Zeitschriftenbeitrag

Autoren

Martin Gauder, Klaus Butterbach-Bahl, Simone Graeff-Hönninger, Wilhelm Claupein, Regina Wiegel

Erscheinungsjahr

2012

Veröffentlicht in

GCB Bioenergy

Band/Volume

4/3

Seite (von - bis)

289-301

Willow coppice, energy maize and Miscanthus were evaluated regarding their soil-derived trace gas emission potential involving a nonfertilized and a crop-adapted slow-release nitrogen (N) fertilizer scheme. The N application rate was 80 kg N ha⁻¹ yr⁻¹ for the perennial crops and 240 kg N ha⁻¹ yr⁻¹ for the annual maize. A replicated field experiment was conducted with 1-year measurements of soil fluxes of CH₄, CO₂ and N₂O in weekly intervals using static chambers. The measurements revealed a clear seasonal trend in soil CO₂ emissions, with highest emissions being found for the N-fertilized Miscanthus plots (annual mean: 50 mg C m⁻² h⁻¹). Significant differences between the cropping systems were found in soil N₂O emissions due to their dependency on amount and timing of N fertilization.

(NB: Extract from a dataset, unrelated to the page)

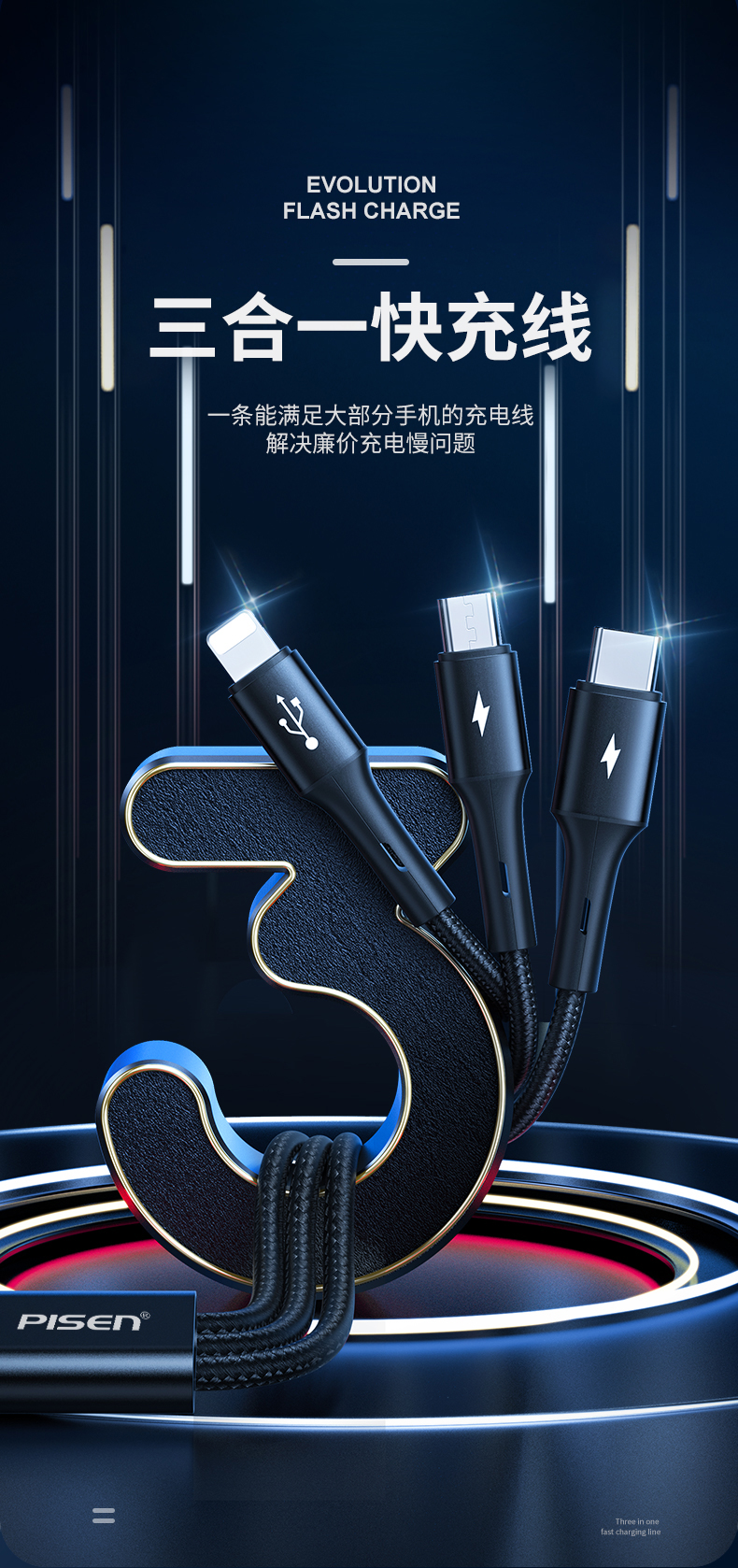 品胜苹果13数据线三合一快充iPhone11充电线器一拖三车载加长适用华为安卓Typec三头多功能闪充平板通用正品

N-fertilized maize plots had highest N₂O emissions by far, which accumulated to 3.6 kg N₂O ha⁻¹ yr⁻¹. The contribution of CH₄ fluxes to the total soil greenhouse gas subsumption was very small compared with N₂O and CO₂. CH₄ fluxes were mostly negative indicating that the investigated soils mainly acted as weak sinks for atmospheric CH₄. To identify the system providing the best ratio of yield to soil N₂O emissions, a subsumption relative to biomass yields was calculated. N-fertilized maize caused the highest soil N₂O emissions relative to dry matter yields. Moreover, unfertilized maize had higher relative soil N₂O emissions than unfertilized Miscanthus and willow. These results favour perennial crops for bioenergy production, as they are able to provide high yields with low N₂O emissions in the field.